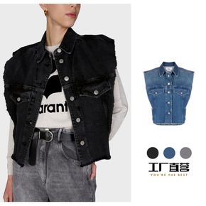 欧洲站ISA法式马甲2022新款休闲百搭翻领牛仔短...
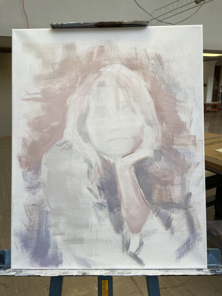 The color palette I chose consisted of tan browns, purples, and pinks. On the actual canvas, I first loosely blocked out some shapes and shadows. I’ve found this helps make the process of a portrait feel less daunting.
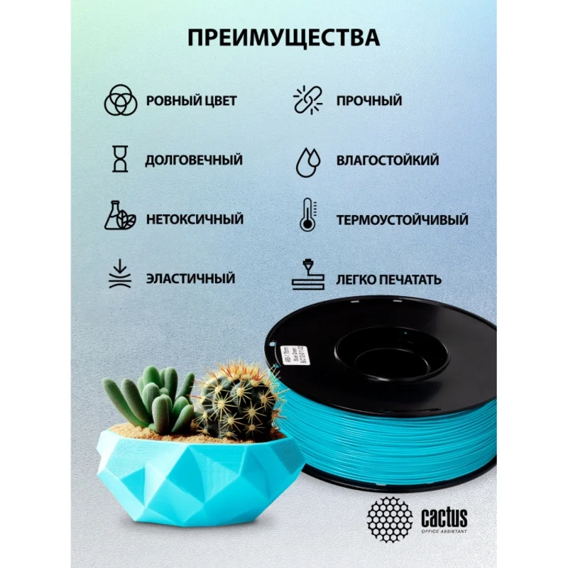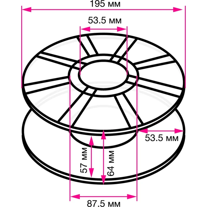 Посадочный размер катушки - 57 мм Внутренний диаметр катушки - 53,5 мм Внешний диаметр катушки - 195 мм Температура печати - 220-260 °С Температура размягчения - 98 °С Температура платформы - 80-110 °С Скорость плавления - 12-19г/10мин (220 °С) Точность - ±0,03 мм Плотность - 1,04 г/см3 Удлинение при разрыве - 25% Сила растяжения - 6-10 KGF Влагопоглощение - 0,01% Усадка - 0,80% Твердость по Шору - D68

=-=-=-=-=

Return the listing above in full and unaltered. Keep the pictures out.

**Exercise output:**
 欧洲站ISA法式马甲2022新款休闲百搭翻领牛仔短...
 The color palette I chose consisted of tan browns, purples, and pinks. On the actual canvas, I first loosely blocked out some shapes and shadows. I’ve found this helps make the process of a portrait feel less daunting.
 Посадочный размер катушки - 57 мм Внутренний диаметр катушки - 53,5 мм Внешний диаметр катушки - 195 мм Температура печати - 220-260 °С Температура размягчения - 98 °С Температура платформы - 80-110 °С Скорость плавления - 12-19г/10мин (220 °С) Точность - ±0,03 мм Плотность - 1,04 г/см3 Удлинение при разрыве - 25% Сила растяжения - 6-10 KGF Влагопоглощение - 0,01% Усадка - 0,80% Твердость по Шору - D68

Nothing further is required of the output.